- **Problem requirements**
Looking at the listing below, retype exactly the lines starting at the one containing "косточки и хрящи. |" and ending at the one containing "This features a", both included, and nothing else.

- **Provided data**
● ● ● ● ● ● ●
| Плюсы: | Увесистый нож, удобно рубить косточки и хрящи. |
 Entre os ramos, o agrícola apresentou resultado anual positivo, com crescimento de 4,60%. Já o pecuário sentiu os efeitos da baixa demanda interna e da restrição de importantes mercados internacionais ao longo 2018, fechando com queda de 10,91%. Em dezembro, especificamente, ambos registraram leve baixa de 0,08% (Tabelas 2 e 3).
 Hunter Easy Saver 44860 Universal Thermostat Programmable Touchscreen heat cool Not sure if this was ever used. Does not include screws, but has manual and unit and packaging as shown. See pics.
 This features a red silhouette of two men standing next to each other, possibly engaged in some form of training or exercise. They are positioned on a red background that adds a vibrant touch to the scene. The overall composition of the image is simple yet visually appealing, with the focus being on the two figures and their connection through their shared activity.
● ● ● ● ● ● ●
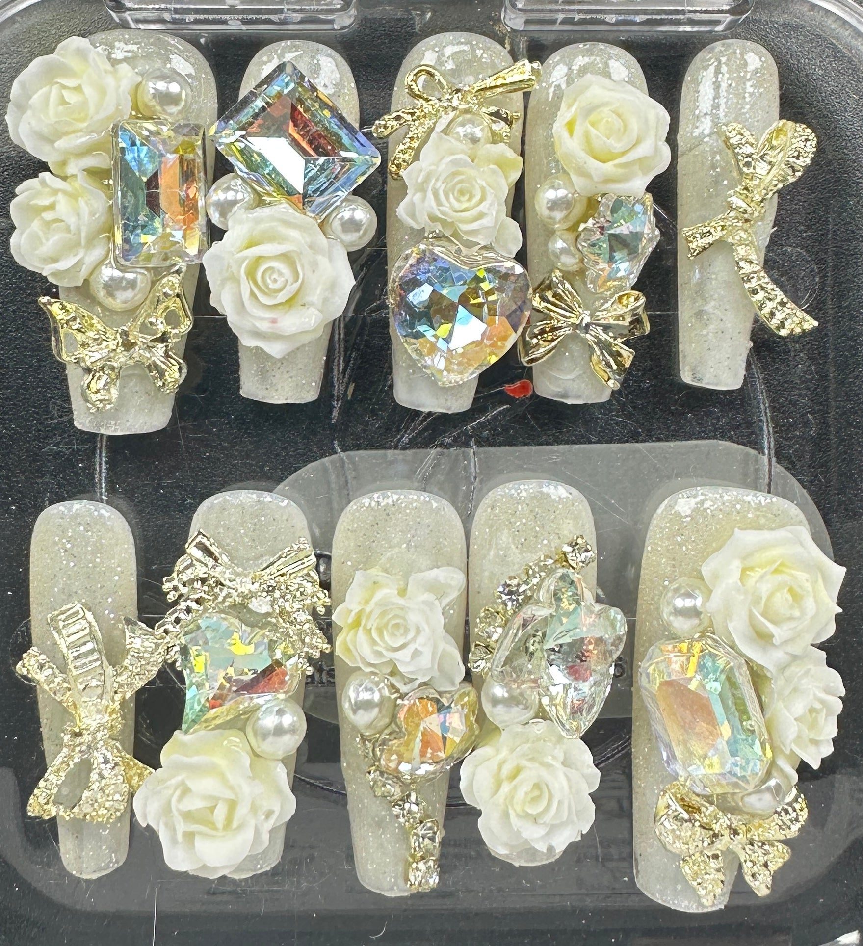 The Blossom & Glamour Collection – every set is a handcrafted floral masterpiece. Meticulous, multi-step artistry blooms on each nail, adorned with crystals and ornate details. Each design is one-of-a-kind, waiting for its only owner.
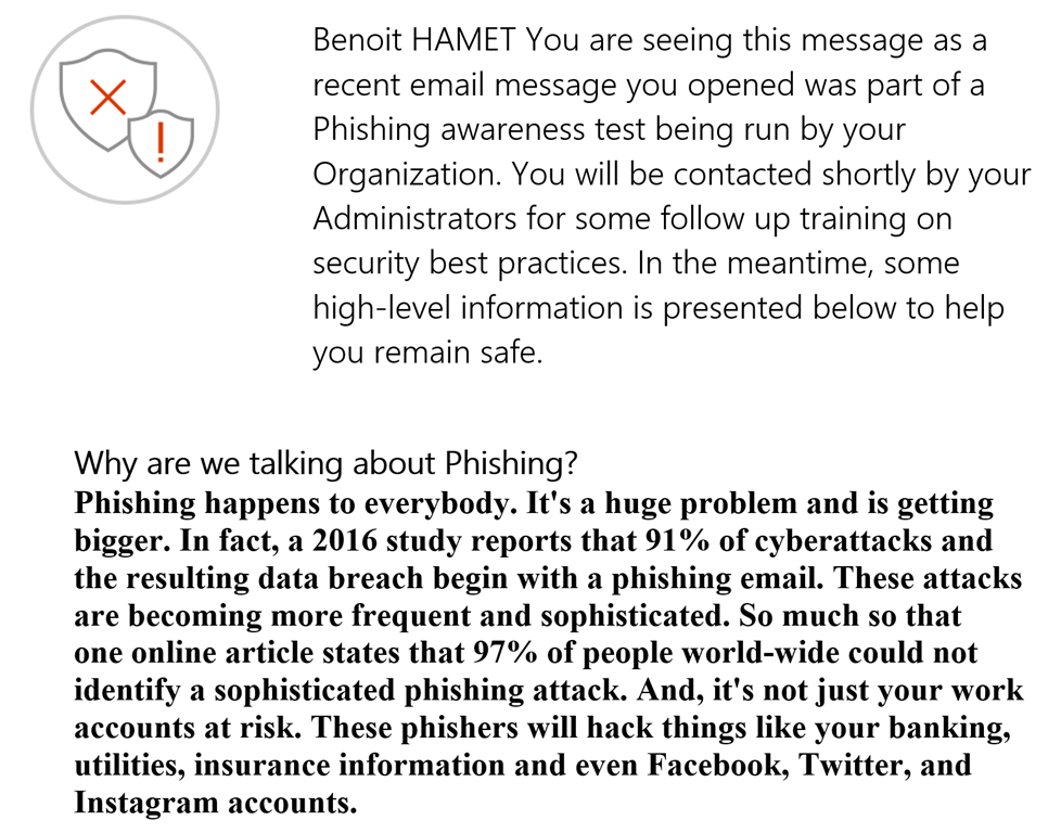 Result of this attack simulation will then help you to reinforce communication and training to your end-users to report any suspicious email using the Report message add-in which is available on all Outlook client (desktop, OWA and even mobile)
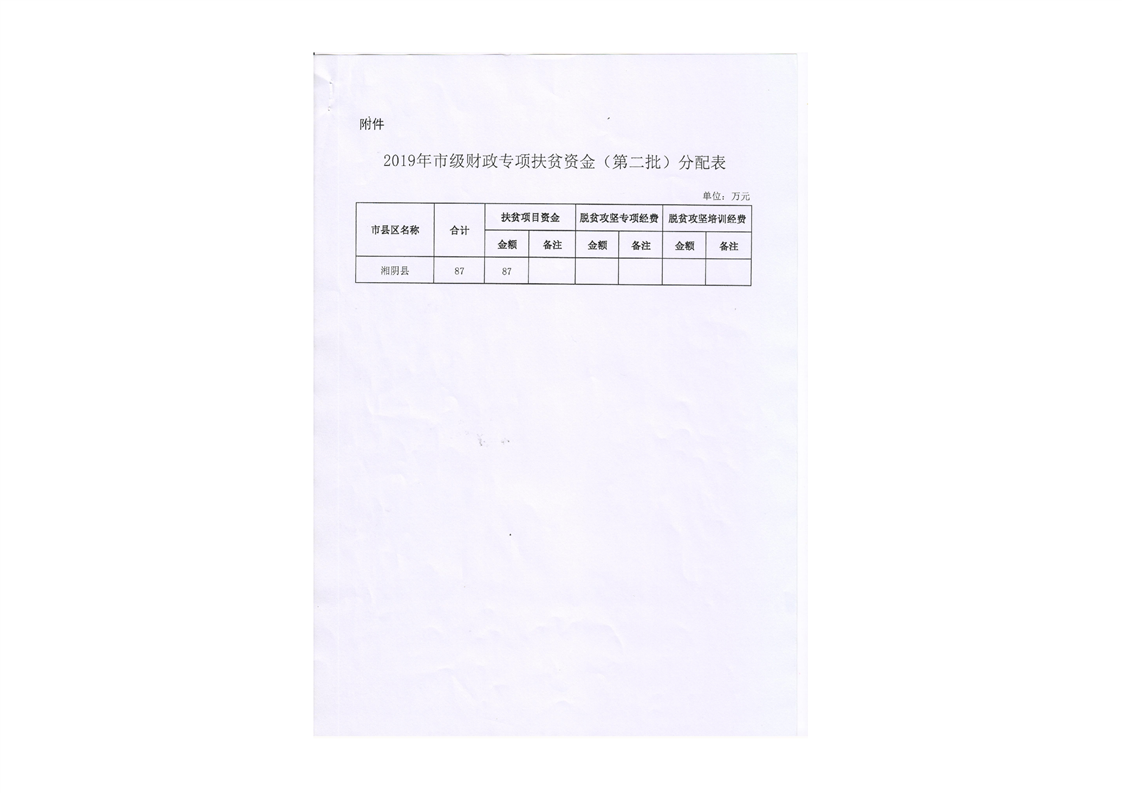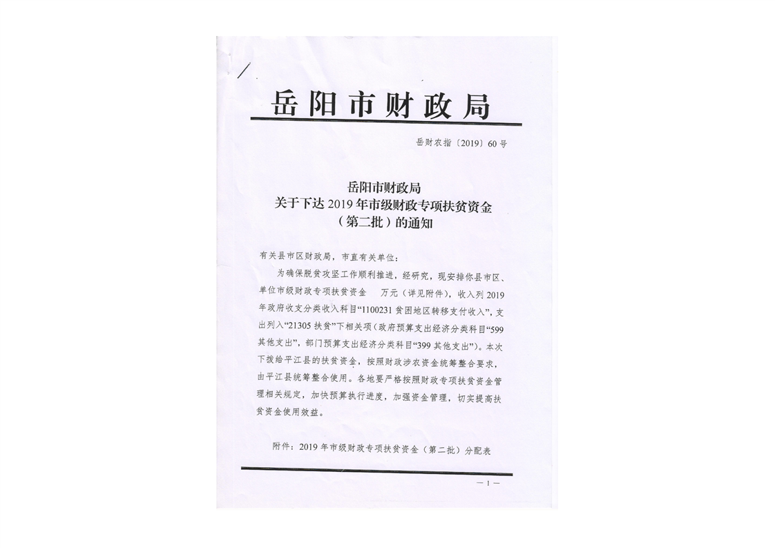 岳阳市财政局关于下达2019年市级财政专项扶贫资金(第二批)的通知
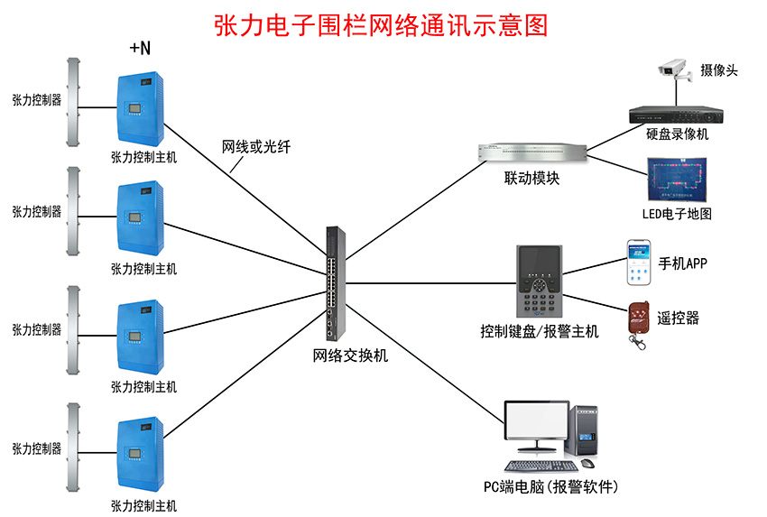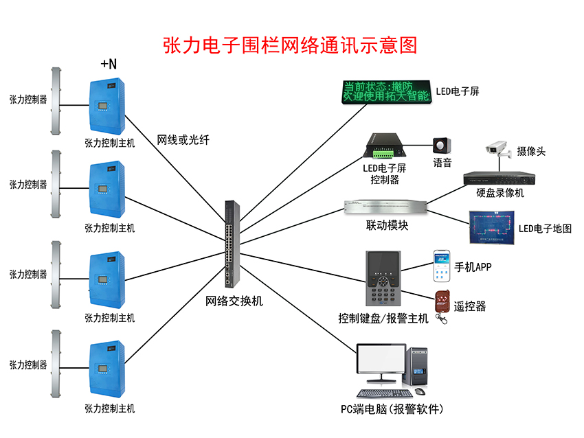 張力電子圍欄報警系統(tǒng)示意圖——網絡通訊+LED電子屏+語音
● ● ● ● ● ● ●
- **Exercise response**
| Плюсы: | Увесистый нож, удобно рубить косточки и хрящи. |
 Entre os ramos, o agrícola apresentou resultado anual positivo, com crescimento de 4,60%. Já o pecuário sentiu os efeitos da baixa demanda interna e da restrição de importantes mercados internacionais ao longo 2018, fechando com queda de 10,91%. Em dezembro, especificamente, ambos registraram leve baixa de 0,08% (Tabelas 2 e 3).
 Hunter Easy Saver 44860 Universal Thermostat Programmable Touchscreen heat cool Not sure if this was ever used. Does not include screws, but has manual and unit and packaging as shown. See pics.
 This features a red silhouette of two men standing next to each other, possibly engaged in some form of training or exercise. They are positioned on a red background that adds a vibrant touch to the scene. The overall composition of the image is simple yet visually appealing, with the focus being on the two figures and their connection through their shared activity.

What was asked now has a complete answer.